Listrik itu tak melumpuhkanku, namun sempat membuatku kecut hati.

"Jangan pikir kau bisa mengambil kesempatan! Superhero palsu sepertimu butuh ribuan waktu untuk mengalahkanku!" ucapnya geram, "Kandang inilah sumber pemancar EMP yang menjadi senjata kami. Kekuatanmu sama sekali tak ada apa-apanya di dalam sini!"

"Kekuatan kristal kunzite yang mengendalikannya dan membuatnya lebih kuat." Maya memamerkan cincin di jarinya."Kami tak butuh Sentinel sekarang untuk melakukan serangan EMP berkat kristal ini."

"Apa?" seru Sentinel murka, "Kalian berusaha menyingkirkanku?"

Namun kejutan lain terjadi.

Tiba-tiba aku melihat Minarti bangkit dan langsung menyergap Maya dari belakang.

"Gundala! Segera serang cincinnya!"

Ternyata semenjak tadi ia sudah tersadar dan menguping segala pembicaraan kami.

Aku segera mengulurkan jariku dan mengeluarkan sengatan listrik ke arahnya.

Wanita itu menjerit ketika listrikku menyambar cincinnya dan menghancurkan kilau kristal yang menjadi matanya. Kini kristal itu menghitam, kehilangan muatannya.

"TIDAK!" seru Ghazul. Namun serangan Sentinel segera membuatnya sibuk. Sementara bertempur dengan Sentinel, tanpa sadar Ghazul menjatuhkan serum anti petir ciptaanku itu. Aku segera meraihnya dan segera mengajak Minarti melarikan diri.

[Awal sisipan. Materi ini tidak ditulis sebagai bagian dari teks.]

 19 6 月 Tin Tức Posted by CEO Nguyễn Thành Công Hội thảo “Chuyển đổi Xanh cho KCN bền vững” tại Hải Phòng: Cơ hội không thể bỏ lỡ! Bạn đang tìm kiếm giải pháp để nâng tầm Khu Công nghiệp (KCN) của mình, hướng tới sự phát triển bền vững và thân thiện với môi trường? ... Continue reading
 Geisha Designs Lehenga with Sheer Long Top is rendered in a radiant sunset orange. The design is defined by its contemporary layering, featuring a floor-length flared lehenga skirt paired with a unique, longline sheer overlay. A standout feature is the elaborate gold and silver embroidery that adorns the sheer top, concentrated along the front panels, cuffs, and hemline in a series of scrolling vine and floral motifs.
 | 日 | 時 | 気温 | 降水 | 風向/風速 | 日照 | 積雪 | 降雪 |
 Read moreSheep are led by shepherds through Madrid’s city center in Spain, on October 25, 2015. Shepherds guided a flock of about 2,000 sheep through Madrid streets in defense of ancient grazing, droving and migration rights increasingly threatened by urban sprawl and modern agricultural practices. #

"Ayo, kita harus cepat pergi!" seruku.

"Tunggu!" Minarti segera merampas cincin lapis lazuli dari jari manis Maya yang kini tak sadarkan diri, "Sudah kubilang beribu kali ... ini milikku!"

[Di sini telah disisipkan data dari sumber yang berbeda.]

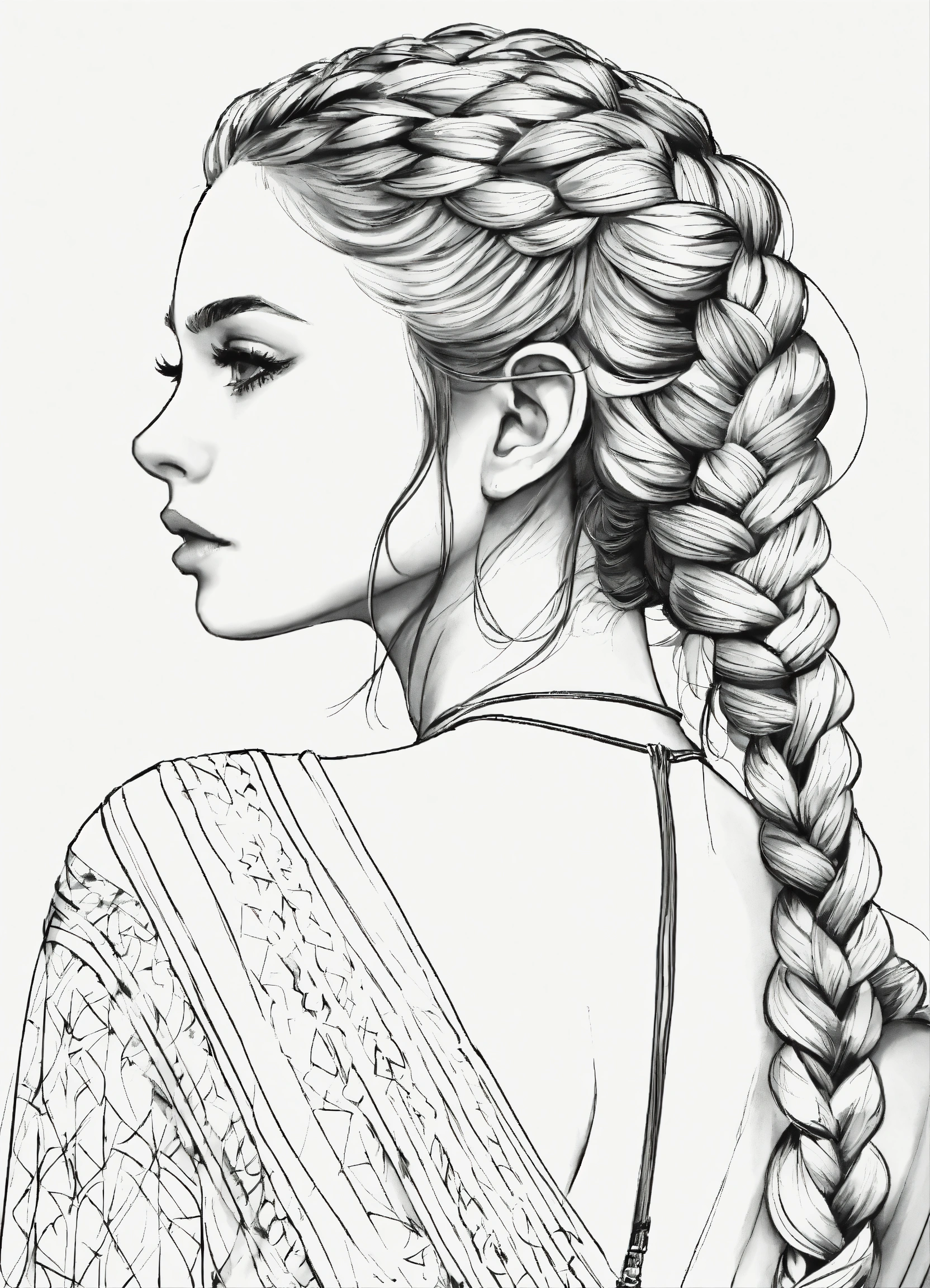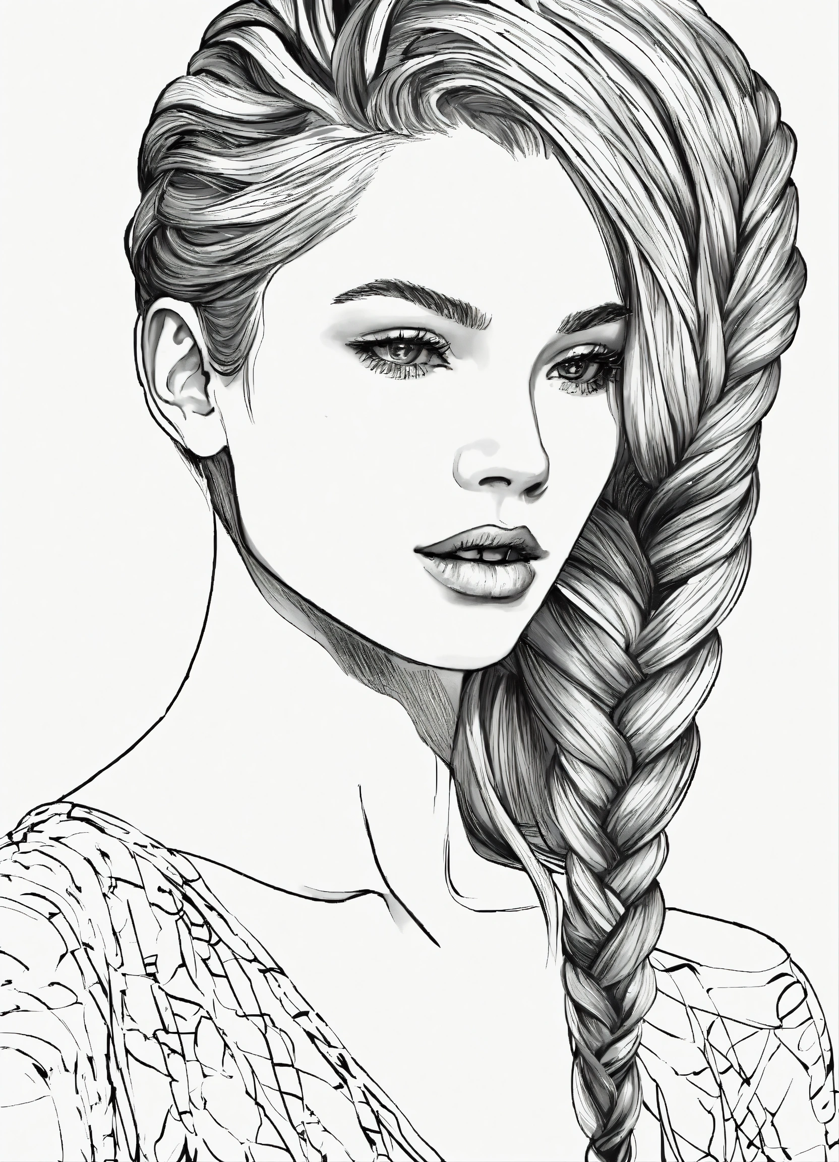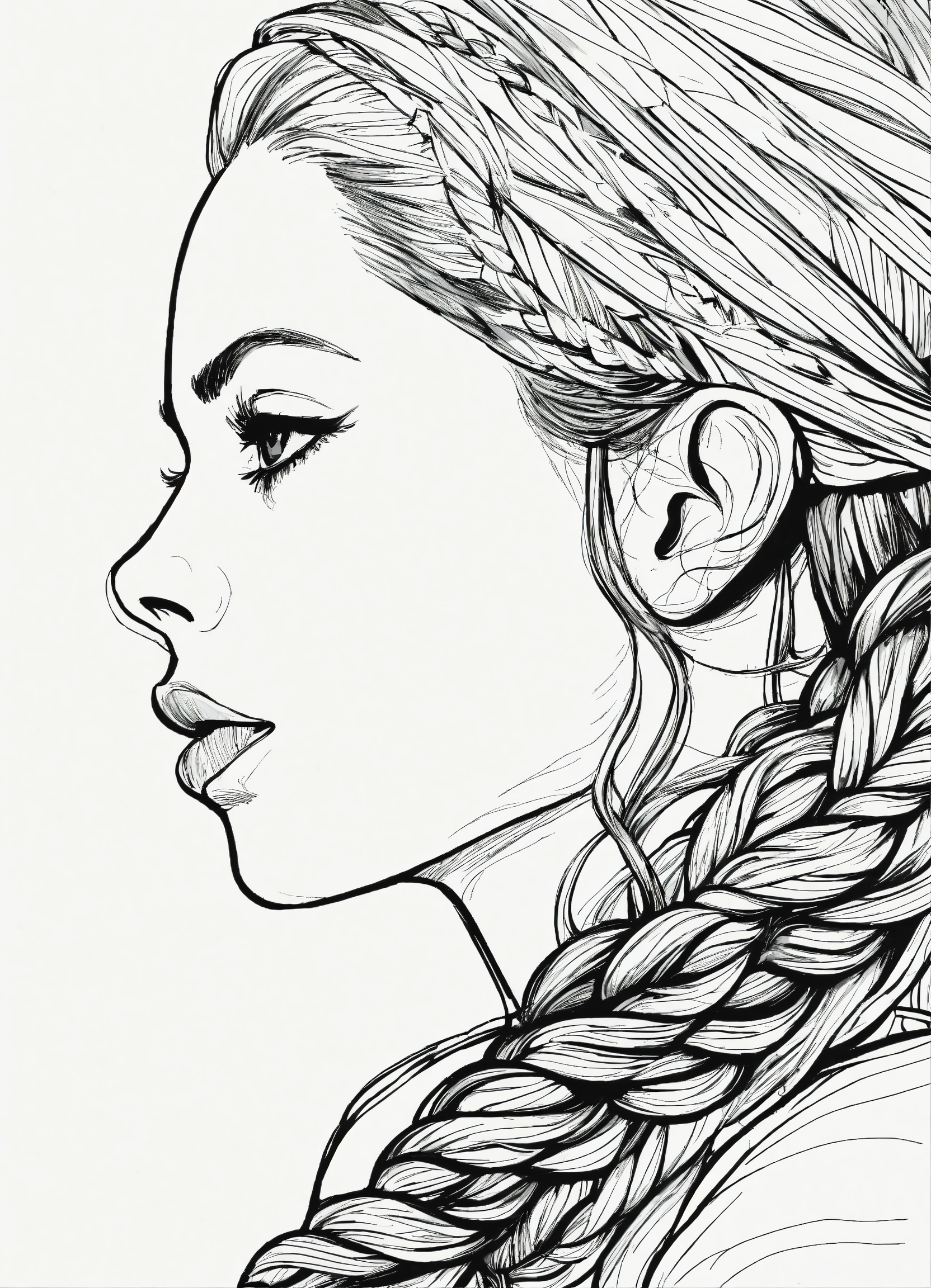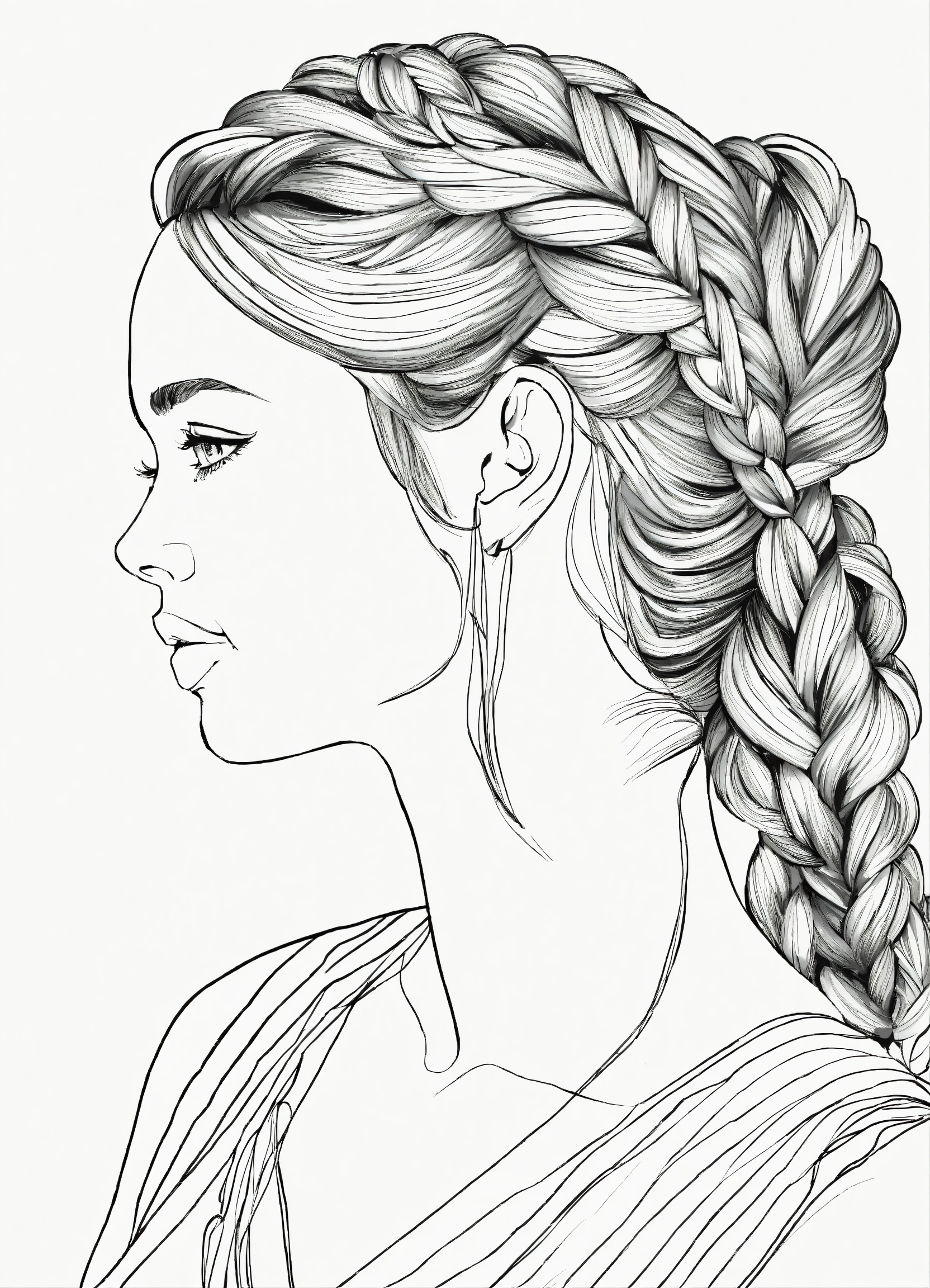 Black and white line drawing, woman, braided hair, upper body, lines, shoulders, white background, clip art

Aku segera menggamit tangannya dan mengajaknya keluar dari kandang itu.

"Siapa kau? Bagaimana tadi kau tahu namaku?" tanya Minarti sepanjang perjalanan.

"Sancaka yang mengirimku. Ia meminta pertolonganku untuk menyelamatkanku!" paling tidak itu akan tetap membuatku terlihat seperti pahlawan di mata Minarti.

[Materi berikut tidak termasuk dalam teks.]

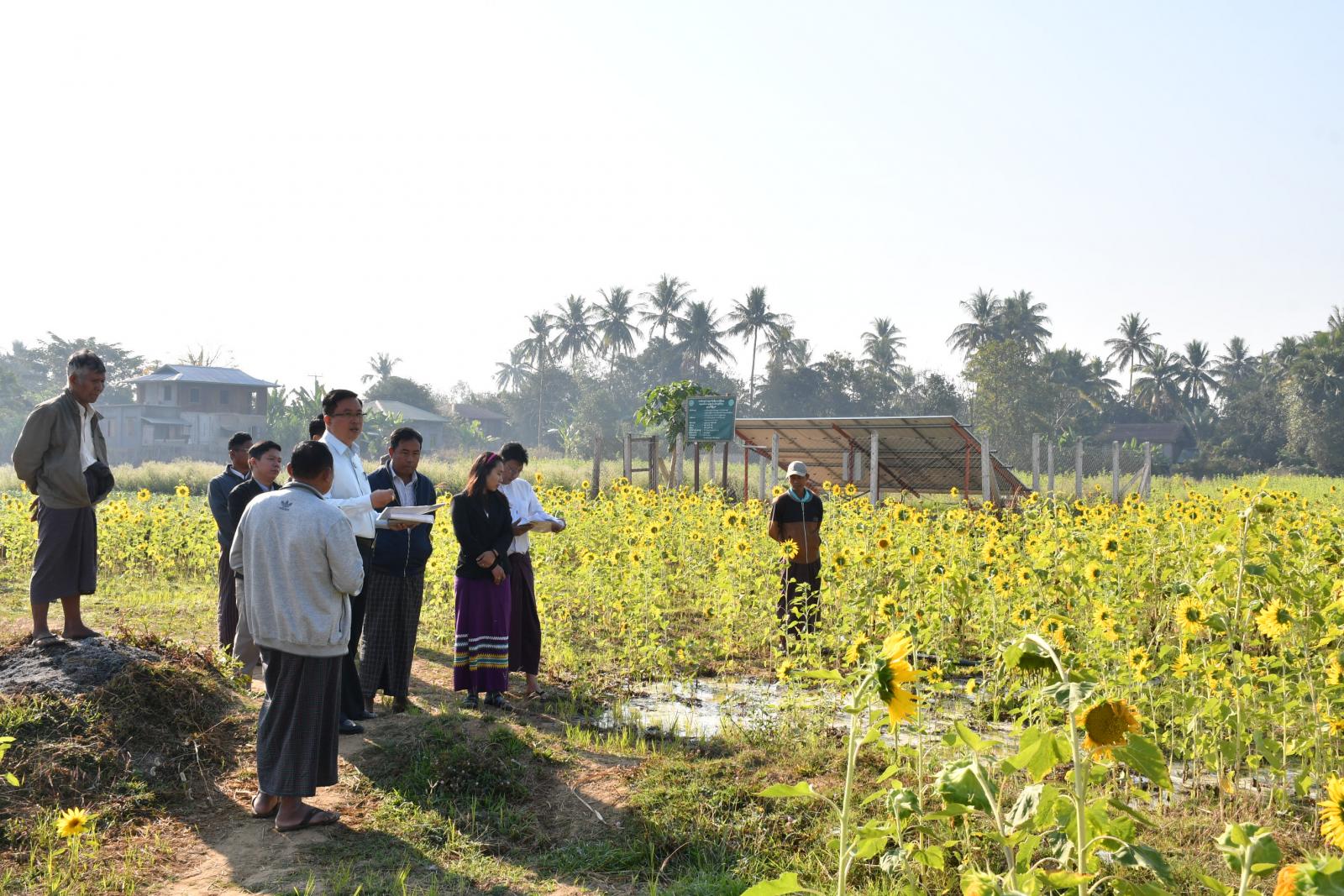 နေပြည်တော်ကောင်စီဝင် ဦးဇေယျာလင်းသည် ဥတ္တရခရိုင် စီမံအုပ်ချုပ်ရေးဥက္ကဋ္ဌ ဦးမြတ်အောင်ဌေး၊ မြို့နယ်စီမံအုပ်ချုပ်ရေးအဖွဲ့ဥက္ကဋ္ဌ ဦးရဲမြတ်သိန်းနှင့်အဖွဲ့ဝင်များ၊ မြို့နယ်အဆင့်ဌာနဆိုင်ရာ တာဝန်ရှိသူများနှင့်အတူ ဥတ္တရသီရိမြို့နယ်၊ သရက်တောကျေးရွာအုပ်စု၊ မသိမ်ကျေးရွာ ကွင်းအမှတ် (၁၈၉၅) တွင် သမဝါယမနှင့်ကျေးလက်ဖွံ့ဖြိုးရေးဝန်ကြီးဌာန၊ ကျေးလက်ဒေသဖွံ့ဖြိုးတိုးတက်ရေးဦးစီးဌာနမှ ဆောက်လုပ်ထားရှိသော ဆိုလာရေတင်စနစ်ကို အသုံးပြု၍ တောင်သူ ဦးဇော်လင်းနှင့် ဦးမြင့်သိန်းတို့၏ လယ်မြေ၌ နေကြာနှင့်မတ်ပဲများ စိုက်ပျိုးထားရှိမှု အခြေအနေများကို ကြည့်ရှုစစ်ဆေးခဲ့ရာ တာဝန်ရှိသူများက ဆိုလာရေတင်စနစ်ဖြင့် ရေပေးဝေနိုင်မှု အခြေအနေများနှင့် ဆောင်းဆီထွက်သီးနှံနေကြာနှင့် မြေပဲစိုက်ပျိုးနိုင်မှု အခြေအနေများအား ရှင်းလင်းတင်ပြခဲ့ရာ နေပြည်တော်ကောင်စီဝင်မှ စိုက်ပျိုးသီးနှံများ စိုက်ပျိုးရေ လုံလောက်စွာရရှိရေး၊ သီးနှံများ အောင်မြင်ဖြစ်ထွန်းပြီး ပန်းတိုင်အထွက်နှုန်းများရရှိရေး၊ စိုက်ပျိုးရေများ စိုက်ပျိုးမည့်ဧကများစွာ အသုံးပြုနိုင်ရေး အထူးအလေးထား ဆောင်ရွက်ရမည်ဖြစ်ကြောင်း ဆွေးနွေးပြောကြားခဲ့ပြီး လိုအပ်သည်များ ပေါင်းစပ်ညှိနှိုင်းဆောင်ရွက်ပေးခဲ့ပါသည်။

"Kalau kau bertemu dengannya, katakan bahwa aku tak bisa memaafkannya."

Langkahku terhenti dan aku melihat air mata menetes di pelupuk matanya,

"Beri tahu padanya bahwa aku takkan pernah memaafkannya karena meninggalkanku."

Aku hanya terdiam melihat ia tersedu. Aku memang telah meninggalkannya sendirian saat itu. Dan karena itu, ia ditangkap oleh gerombolan ini.

Ini salahku.

Kali ini aku mengecewakannya, jauh daripada sebelumnya.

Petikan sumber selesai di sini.